* _RECORDS SUPPLIED_
○ ○ ○ ○
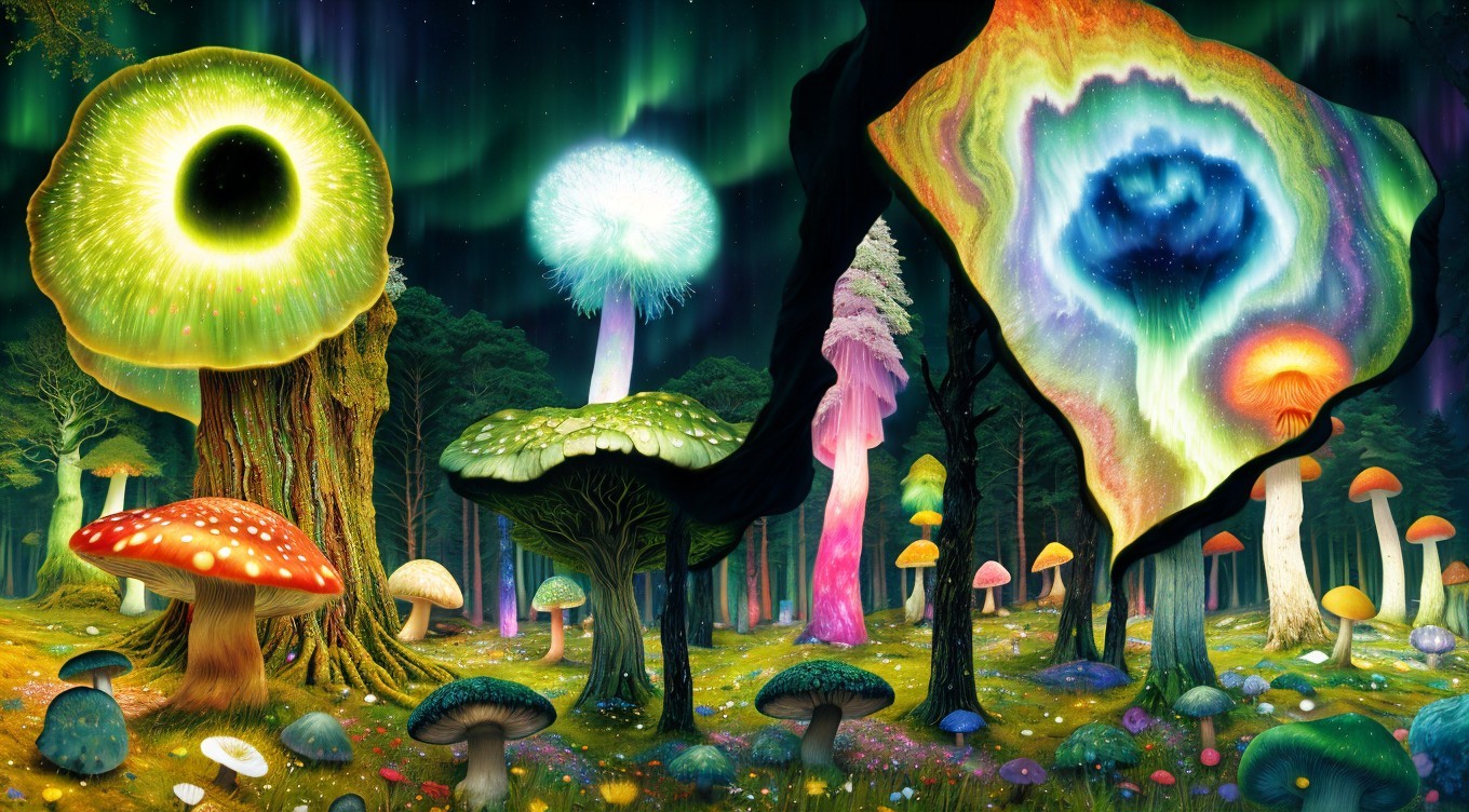forest with trees, colorful rocks and glowing green mushroom, red and pink mist, fog, cosmic aurora borealis and starry nightsky, by Tomasz Alen Kopera, Dariusz Zawadzki, Gustav Klimt and Picasso.
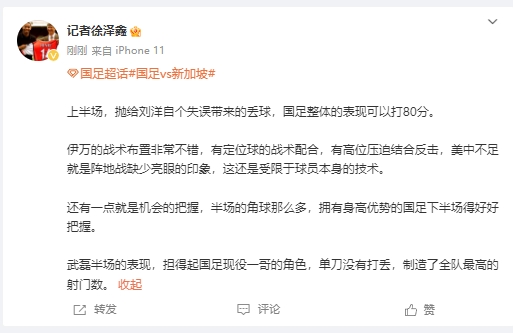 世预赛亚洲区,中国男足vs新加坡男足,上半场双方1-1平。记者徐泽鑫点评上半场比赛。
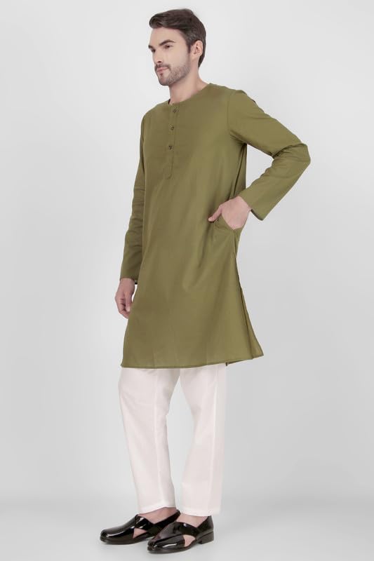 Mens Indian Casual Cotton Kurta Pajama Set - Olive - Crew Neck 5
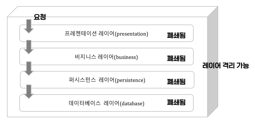 - 표준 아키텍처이며 관심사를 분리하고 각 레이어별 역할을 격리한다.
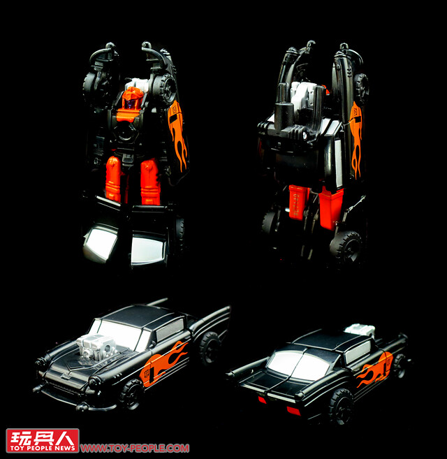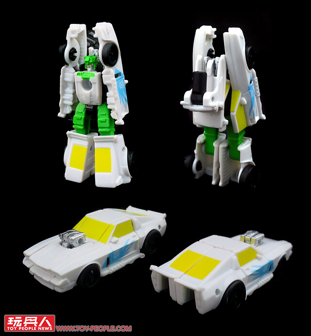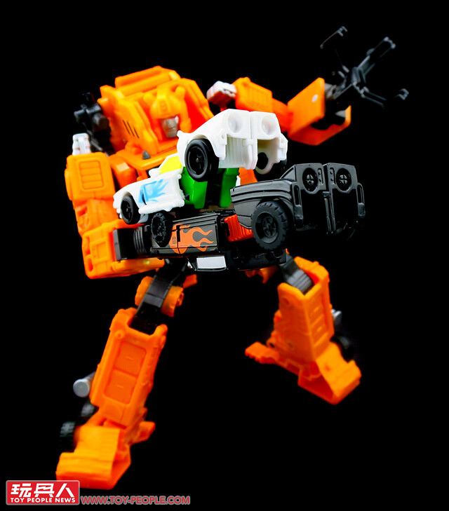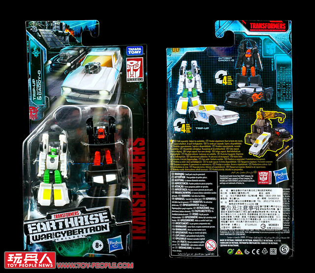 ▼ WFC-E3「絆倒」(Trip-Up)和「大老爹」(Daddy-O,對應G1的Big Daddy),來自G1博派的「改裝巡邏隊」(Hot Rod Patrol),可在改裝肌肉車與微形戰士間自由變形,也能兩兩合體為武器供其他角色拿持。
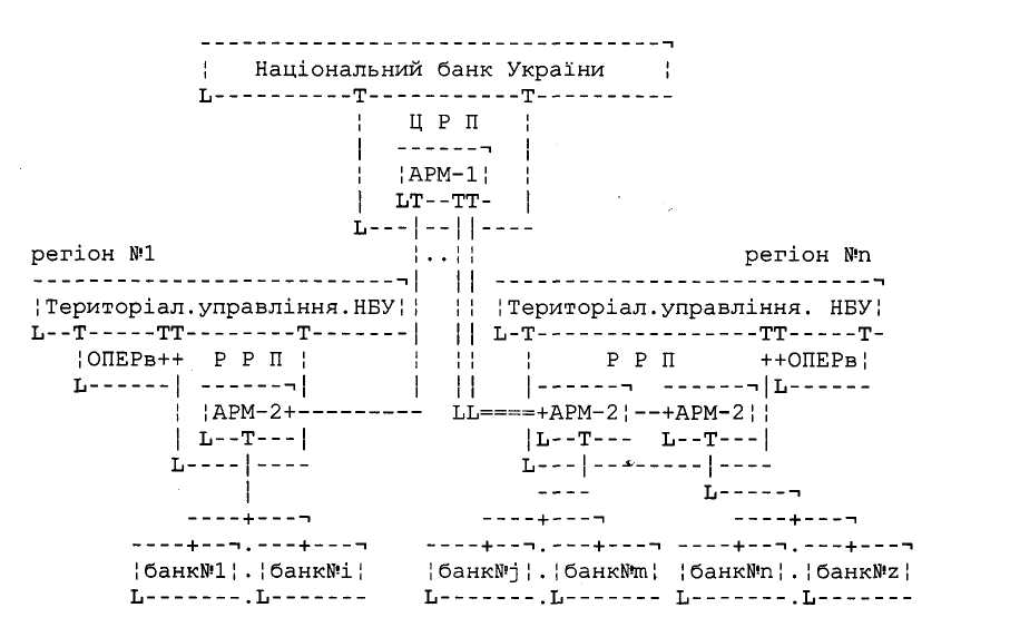 одинарними лініями показано обслуговування банківської установи в АРМ-2 регіональної розрахункової палати.
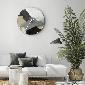 De klok is gemaakt van 4 mm dik gehard veiligheidsglas. De technologie van het maken van de klok voldoet aan de veiligheidsklasse 2B2 volgens de PN-EN 12600: 2004-norm, die weerstand tegen schokken garandeert. De klok op het glas is klaar om op te hangen - hij heeft een metalen hanger aan de achterkant van de klok en een schuimafstand die de even afstand tussen de klok en de muur regelt. De klok heeft een stil zwevend mechanisme dat wordt aangedreven door een batterij van 1,5 V - AA-batterij (batterij niet inbegrepen).
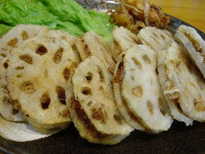 1.れんこんは皮をむき、5mm厚さに切り、酢水にさらす。
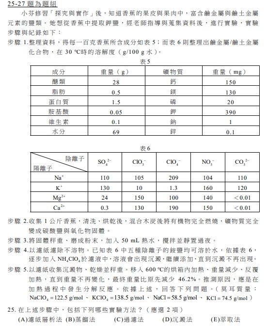 其中,較特別的題目有第25題到第27題,探討香蕉中的礦物質組成與分析方法,將化學知識應用在生活中。
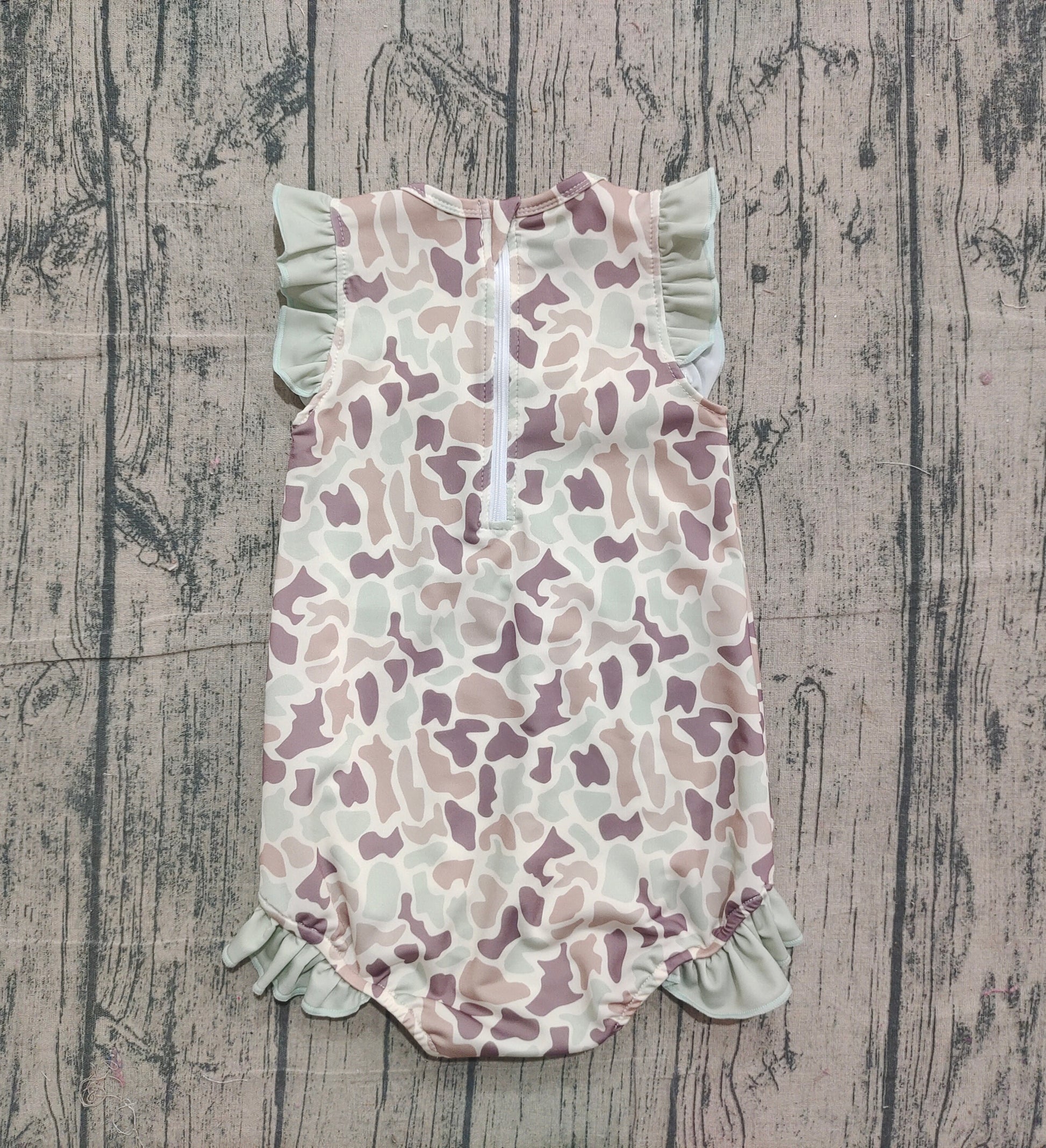 (Pre-order)S0595 Camo Print Girls Summer Ruffle 1 Piece Swimsuits
○ ○ ○ ○
* _YOUR GOAL_
Output all of the entries verbatim, leaving out any images.

* _ANSWER_
forest with trees, colorful rocks and glowing green mushroom, red and pink mist, fog, cosmic aurora borealis and starry nightsky, by Tomasz Alen Kopera, Dariusz Zawadzki, Gustav Klimt and Picasso.
 世预赛亚洲区,中国男足vs新加坡男足,上半场双方1-1平。记者徐泽鑫点评上半场比赛。
 Mens Indian Casual Cotton Kurta Pajama Set - Olive - Crew Neck 5
 - 표준 아키텍처이며 관심사를 분리하고 각 레이어별 역할을 격리한다.
 ▼ WFC-E3「絆倒」(Trip-Up)和「大老爹」(Daddy-O,對應G1的Big Daddy),來自G1博派的「改裝巡邏隊」(Hot Rod Patrol),可在改裝肌肉車與微形戰士間自由變形,也能兩兩合體為武器供其他角色拿持。
 одинарними лініями показано обслуговування банківської установи в АРМ-2 регіональної розрахункової палати.
 De klok is gemaakt van 4 mm dik gehard veiligheidsglas. De technologie van het maken van de klok voldoet aan de veiligheidsklasse 2B2 volgens de PN-EN 12600: 2004-norm, die weerstand tegen schokken garandeert. De klok op het glas is klaar om op te hangen - hij heeft een metalen hanger aan de achterkant van de klok en een schuimafstand die de even afstand tussen de klok en de muur regelt. De klok heeft een stil zwevend mechanisme dat wordt aangedreven door een batterij van 1,5 V - AA-batterij (batterij niet inbegrepen).
 1.れんこんは皮をむき、5mm厚さに切り、酢水にさらす。
 其中,較特別的題目有第25題到第27題,探討香蕉中的礦物質組成與分析方法,將化學知識應用在生活中。
 (Pre-order)S0595 Camo Print Girls Summer Ruffle 1 Piece Swimsuits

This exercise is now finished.